Foi quando fez referência ao advogado
Sepúlveda Pertence, morto nesse domingo, aos 85 anos. Ele era presidente do
Tribunal Superior Eleitoral pela segunda vez, em 2004, quando o fazendeiro
Antério Mânica foi eleito prefeito de Unaí (MG). Pesava contra si a morte de
três fiscais do trabalho e um motorista no início daquele ano, no que ficou
conhecida como a “Chacina de Unaí”. Ele estava na cadeia quando foi preso.
“Foi eleito, será diplomado e empossado”,
disse Pertence. Sua condenação, por júri popular, só se daria 12 anos depois
quando Mânica já tinha exercido dois mandatos como prefeito.
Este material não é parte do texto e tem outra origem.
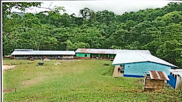
Foto 6: Vista General incluyendo la cocina despues del remozamiento

Observación: Si es necesario se pueden agregar hojas adicionales y actualizar el número de hojas.

Em 2015, recebeu
do júri a pena de 100 anos de prisão. O caso mobilizou a sociedade para o
recolhimento de mais de 1,5 milhão de assinaturas e apresentação do projeto de
lei de iniciativa popular da Ficha Limpa. Cármen Lúcia o citou como exemplo de
como a Corte não tinha por tradição se afastar do cumprimento do direito e como
menção oculta ao que ainda está por vir.
A contenção da extrema direita, porém, será
tanto mais eficaz - e legítima - quanto for operada pela política. A
contundência de Alexandre de Moraes, sugere que o Judiciário continuará
embandeirado na defesa da democracia (“A resposta que este tribunal dará a esta
questão confirmará nossa fé na democracia e no estado de direito, repulsa ao
populismo renascido dos discursos de ódio, antidemocráticos que propagam
desinformação por milicianos digitais em todo mundo”) na condução do inquérito
do STF. Mas a tarefa principal cabe à direita democrática e àqueles que hoje estão
no poder.
E Lula? Comete, no tema, os mesmos deslizes
a 40 anos como o fez ao relativizar o conceito de democracia na Venezuela. Fora
do teatro da política ninguém leva a sério o descompromisso de Lula com a
democracia, ainda mais depois de ele ter sido o único a se apresentar em
condições de salvá-la em 2022. Não parece muito claro, porém, o que o
presidente ganha com isso. Bem mais evidente é o que perde. Se não duela mais
com Bolsonaro, visto que ele está fora do jogo, pode dar munição para quem faz carreira
na política no antilulismo.
É verdade que as chances de Lula amealhar uma fatia do bolsonarismo dependem, primordialmente, do seu governo. É a partir dele que pode atrair até a centro-direita que esteve com Bolsonaro. Mas, a partir de agora, e por oito anos, o Brasil tem chance de baixar a temperatura da política e devolvê-la à mediação transparente, democrática e serena do conflito de interesses. E o exemplo maior, para isso, é de quem está no poder.
Quem fala a verdade não merece castigo.